How to reduce memory used by Random Forest from Scikit-Learn in Python?
The Random Forest algorithm from scikit-learn package can sometimes consume too much memory:
- RandomForest - Reasons for memory usage / consumption?
- understanding scikit learn Random Forest memory requirement for prediction
- Scikit Learn RandomForest Memory Error
- Random Forest: Running out of memory
- Why is scikit-learn's random forest using so much memory?
- Memory allocation error in sklearn random forest classification python
The Random Forest Classifier and Random Forest Regressor have default hyper-parameters:
max_depth=None
,min_samples_split=2
,min_samples_leaf=1
,
which means that full trees are built. Bulding full trees is by design (see Leo Breiman, Random Forests article from 2001). The Random Forest creates full trees to fit the data well. If there will be one tree in the Random Forest, then the model will overfit the data. However, in the Random Forest there are created set of trees (for example 100 trees). To overcome the overfitting (and increase stability) the bagging and random subspace sampling are used. (Bagging - selecting subset of rows for training, random subspace sampling - selecting subset of columns in each node split search).
In the case of large data sets or complex datasets, the full tree can be really deep and have thousands of nodes. Such single decision tree will use a lot of memory and thus the memory consumption of the Random Forest will grow very fast. In this post I will show how to reduce memory consumption of the Random Forest. In the example I will use Adult Income dataset.
Let's load packages and the data
import os
import joblib
import pandas as pd
import numpy as np
from sklearn.ensemble.forest import RandomForestClassifier
from sklearn.preprocessing import LabelEncoder
from sklearn.model_selection import train_test_split
from sklearn.metrics import log_loss
from matplotlib import pyplot as plt
df = pd.read_csv("https://raw.githubusercontent.com/pplonski/datasets-for-start/master/adult/data.csv",
skipinitialspace=True)
df.info()
<class 'pandas.core.frame.DataFrame'>
RangeIndex: 32561 entries, 0 to 32560
Data columns (total 15 columns):
# Column Non-Null Count Dtype
--- ------ -------------- -----
0 age 32561 non-null int64
1 workclass 30725 non-null object
2 fnlwgt 32561 non-null int64
3 education 32561 non-null object
4 education-num 32561 non-null int64
5 marital-status 32561 non-null object
6 occupation 30718 non-null object
7 relationship 32561 non-null object
8 race 32561 non-null object
9 sex 32561 non-null object
10 capital-gain 32561 non-null int64
11 capital-loss 32561 non-null int64
12 hours-per-week 32561 non-null int64
13 native-country 31978 non-null object
14 income 32561 non-null object
dtypes: int64(6), object(9)
memory usage: 3.7+ MB
The dataset has 32,561
rows and 15
columns (including the target column).
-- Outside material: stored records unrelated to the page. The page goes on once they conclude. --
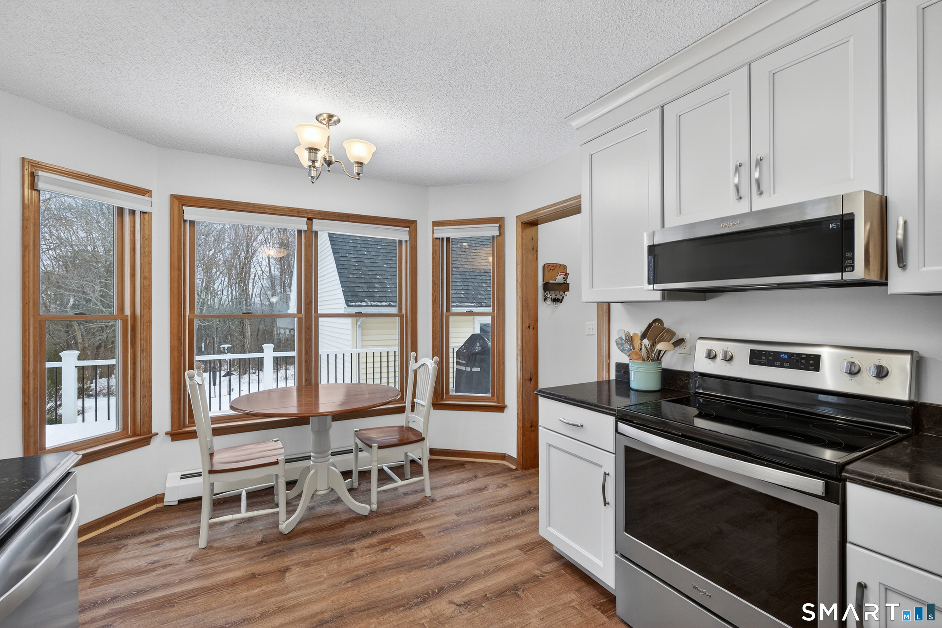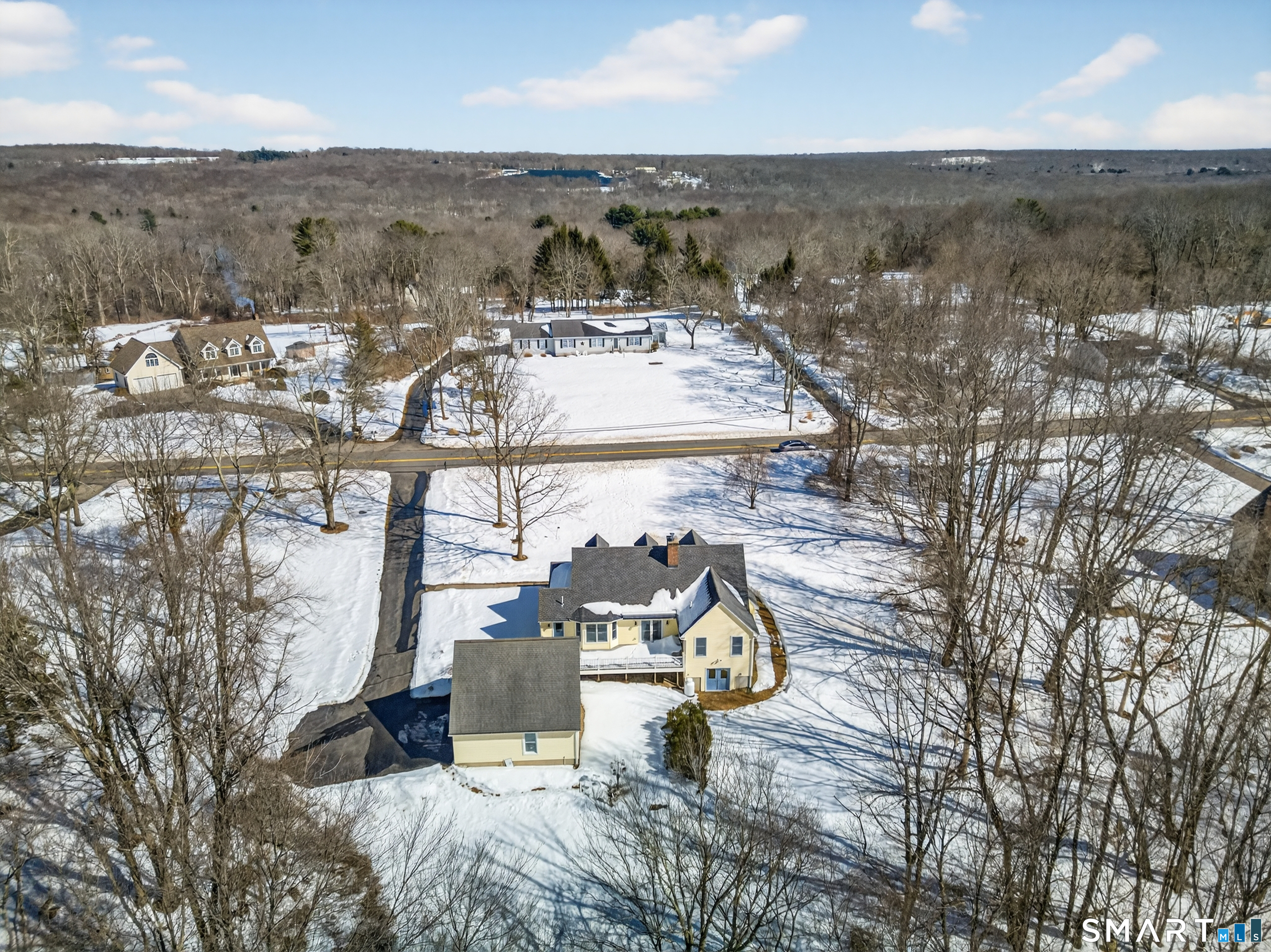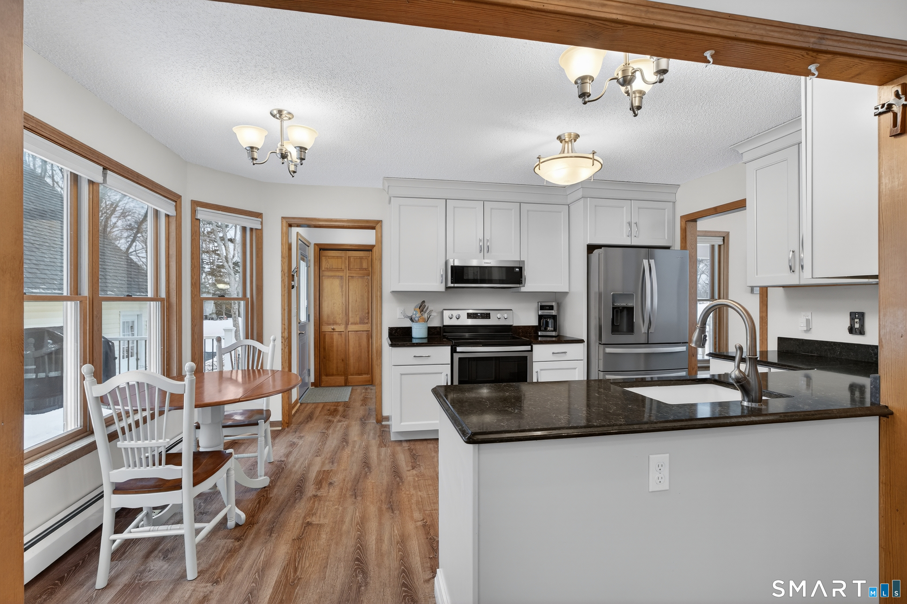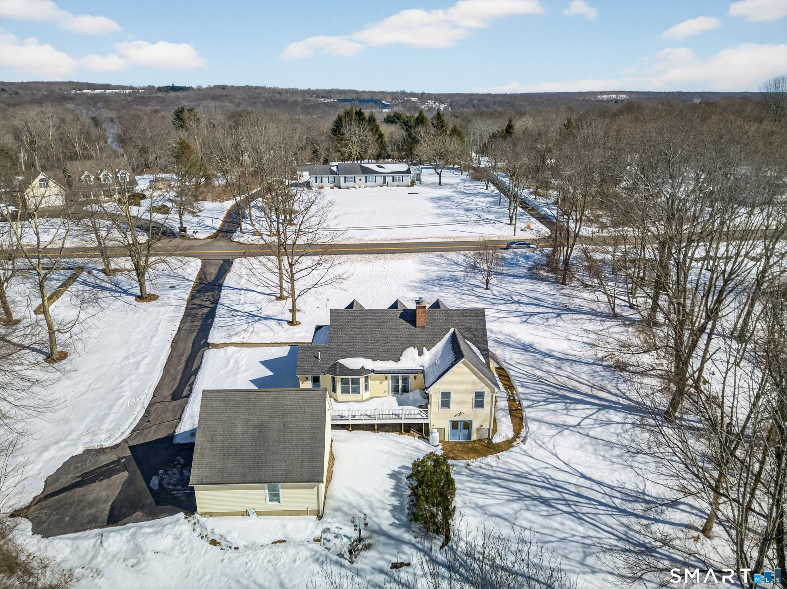 Charming storybook ranch with Cape-style curb appeal, complete with wrap-around front porch and classic dormers, set on a spacious yard bordered by woods. This thoughtfully designed home offers the ease of one-level living with dramatic architectural features and modern energy-efficient systems. The remodeled kitchen (approx. 4 years old) opens to a formal dining room, perfect for entertaining. A convenient mudroom leads to the laundry and pantry area for everyday functionality. The stunning two-story family room features a floor-to-ceiling fireplace and an open loft above, creating a bright, airy focal point. The private owner's suite includes deck access-ideal for a future hot tub-along with a custom walk-in closet system and a spa-like bath with double sinks, glass shower, and a large whirlpool tub. Two additional bedrooms and a full bath complete the main level. The finished walkout lower level provides flexible living space for a recreation room, home office, or gym. Energy efficiency is a major highlight with a nearly new heat pump for heating and cooling, plus newer bb heat for colder temperatures, delivering impressive utility savings. Located beside the desirable Woodbine neighborhood, this home offers a peaceful setting with great walking areas while still being convenient to town amenities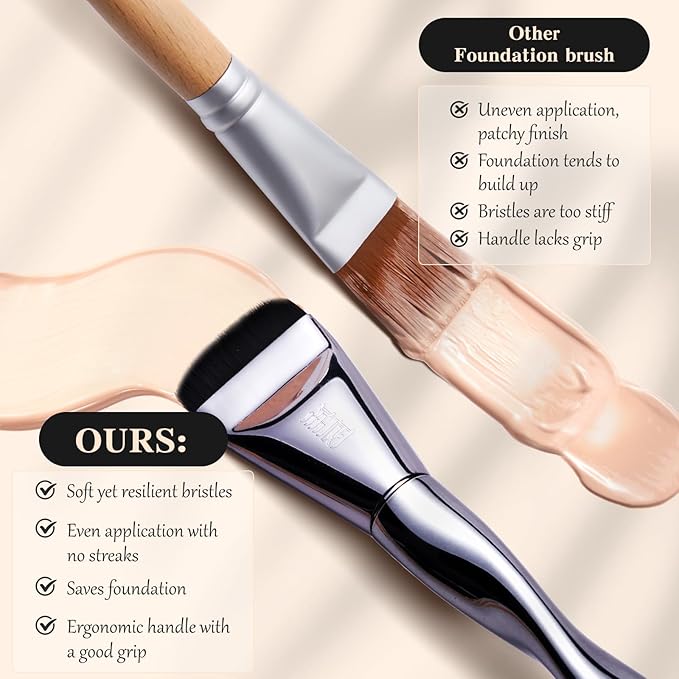 - 【With Foundation Brush】The Flat Foundation Brush can better spread the liquid foundation on the face and better cover every area of the face, and then use the powder puff to pat the liquid foundation. The combination of the two makes the base makeup more flawless and creates a perfect makeup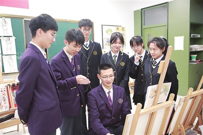 格兰德中学美术特长班以清美、央美、国美等知名美院选拔标准为主要教学体系,结合经验丰富的师资队伍和科学有效的校本课程,着重培养学生的创新意识和绘画能力,助力学生进入一流大学。学校目前拥有一支由清华附中专家领衔,清华美院等知名高校硕士生任专业教师的精英美术教师团队,为学生架设升学发展“直通车”。美术专家团队乔老师是北京市骨干教师,原清华附中一体化美术领导小组主任,曾培养73名学生升入清华美院。团队授课老师吴老师为清华美院绘画系专业总分全国第一。据了解,目前格兰德中学美术特长班已有多名学生具备冲刺三大美院的实力,在原有成绩的基础上学生实现大幅提高,真正实现了“低进高出”的教学成果。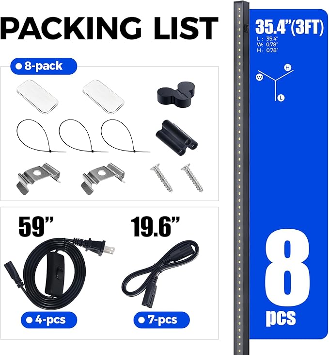 • What You Get: 8 x Barrina T5 Grow Lights, 4 x Power Cords with ON/OFF Switch, 7 x Connecting Cords (20''), 8 x Small Connectors, 16 x Installation Clips, 16 x Magnetic Bars with Double-Sided Tape, 24 x Cable Ties, 8 x Dustproof Cap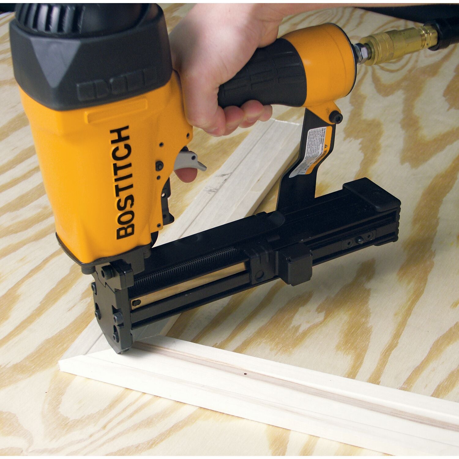 TheBostitch CF15-1-E Corrugated Fastener, ideal for strong butt joints in furniture and sheds. This lightweight pneumatic tool ensures precision and speed, reducing fatigue with its ergonomic grip. Experience durable, reliable fastening, making it a game-changer for professionals and DIYers alike.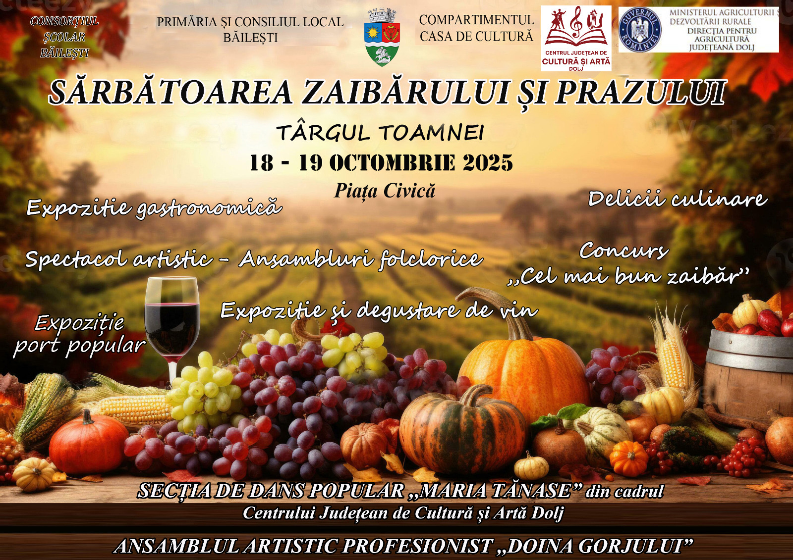 Duminică, 19 octombrie, va avea loc tradiționalul Concurs pentru „Cel mai bun zaibăr”, unde cei mai pricepuți producători din regiune își vor etala talentul. Juriul va premia calitatea, autenticitatea și gustul autentic oltenesc.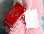 А ещё у этой обезьянки большие... уши! Да, именно уши, которые пришиты к бокам головы, торчат из шёрстки, они такого же цвета, что и шерсть (бледно-розового), но материал у них другой (материал - плюш), всё-таки это "кожа", и меха там не должно быть.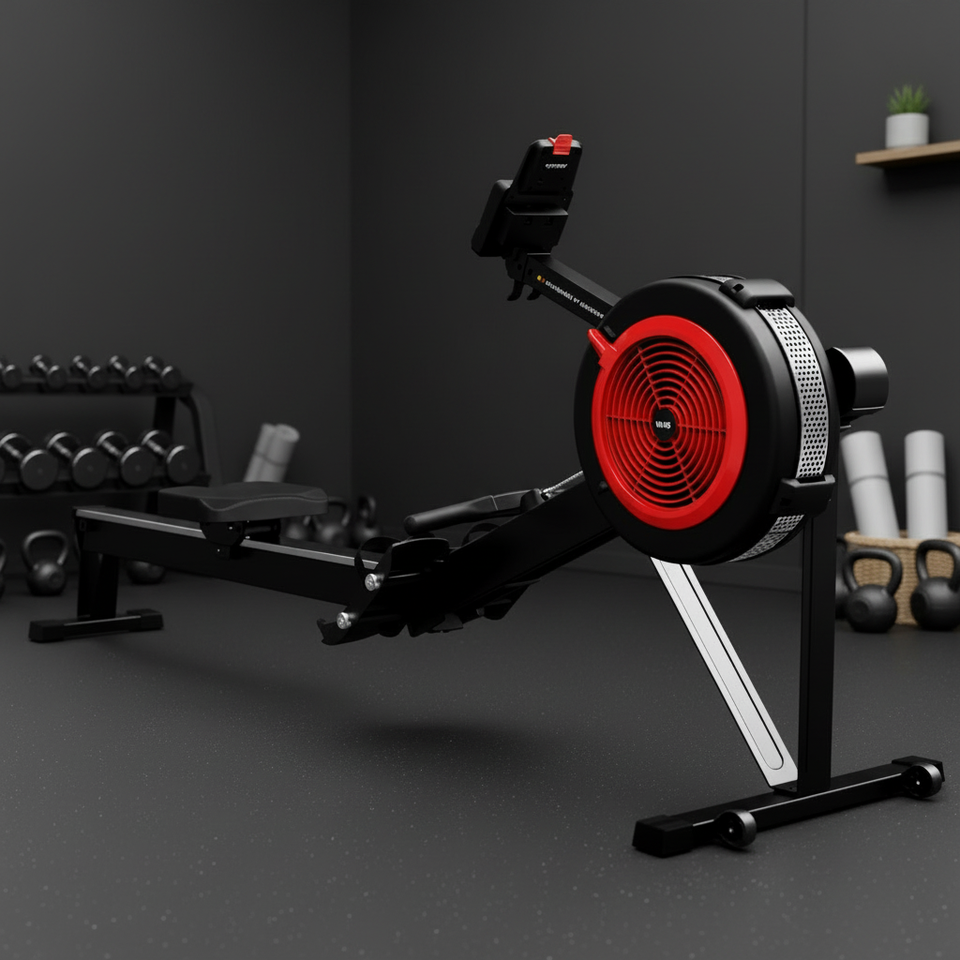 Compact Foldable Silent Steel Air Rower Rowing Machine Lithium Battery 10-Level Adjustable Resistance Durable Home Use
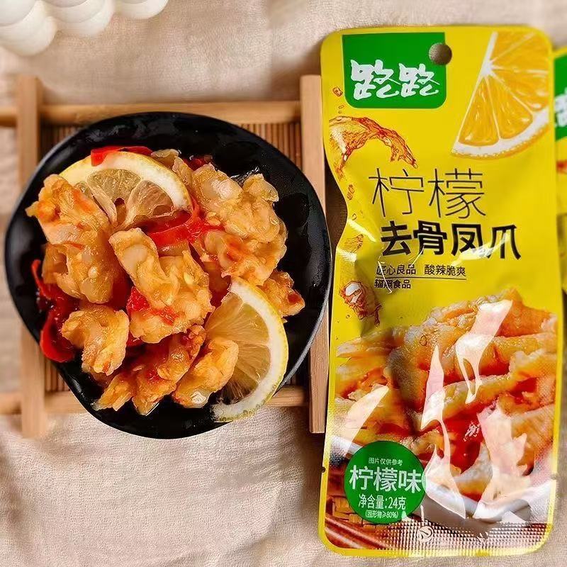 Lu Lu 뼈없는 치킨 발톱 레몬 매운 바삭 바삭한 그물 레드 스낵 뼈없는 치킨 발톱 와인 요리 식욕을 돋우는 스낵 도매

We see that data use about 3.8
MB in the memory (similar memory is also needed to store the data on the hard drive disk).
df.head()
age | workclass | fnlwgt | education | education-num | marital-status | occupation | relationship | race | sex | capital-gain | capital-loss | hours-per-week | native-country | income | |
---|---|---|---|---|---|---|---|---|---|---|---|---|---|---|---|
0 | 39 | State-gov | 77516 | Bachelors | 13 | Never-married | Adm-clerical | Not-in-family | White | Male | 2174 | 0 | 40 | United-States | <=50K |
1 | 50 | Self-emp-not-inc | 83311 | Bachelors | 13 | Married-civ-spouse | Exec-managerial | Husband | White | Male | 0 | 0 | 13 | United-States | <=50K |
2 | 38 | Private | 215646 | HS-grad | 9 | Divorced | Handlers-cleaners | Not-in-family | White | Male | 0 | 0 | 40 | United-States | <=50K |
3 | 53 | Private | 234721 | 11th | 7 | Married-civ-spouse | Handlers-cleaners | Husband | Black | Male | 0 | 0 | 40 | United-States | <=50K |
4 | 28 | Private | 338409 | Bachelors | 13 | Married-civ-spouse | Prof-specialty | Wife | Black | Female | 0 | 0 | 40 | Cuba | <=50K |
The data needs preprocessing. We will fill the missing values with the most frequent values and convert categoricals into integers.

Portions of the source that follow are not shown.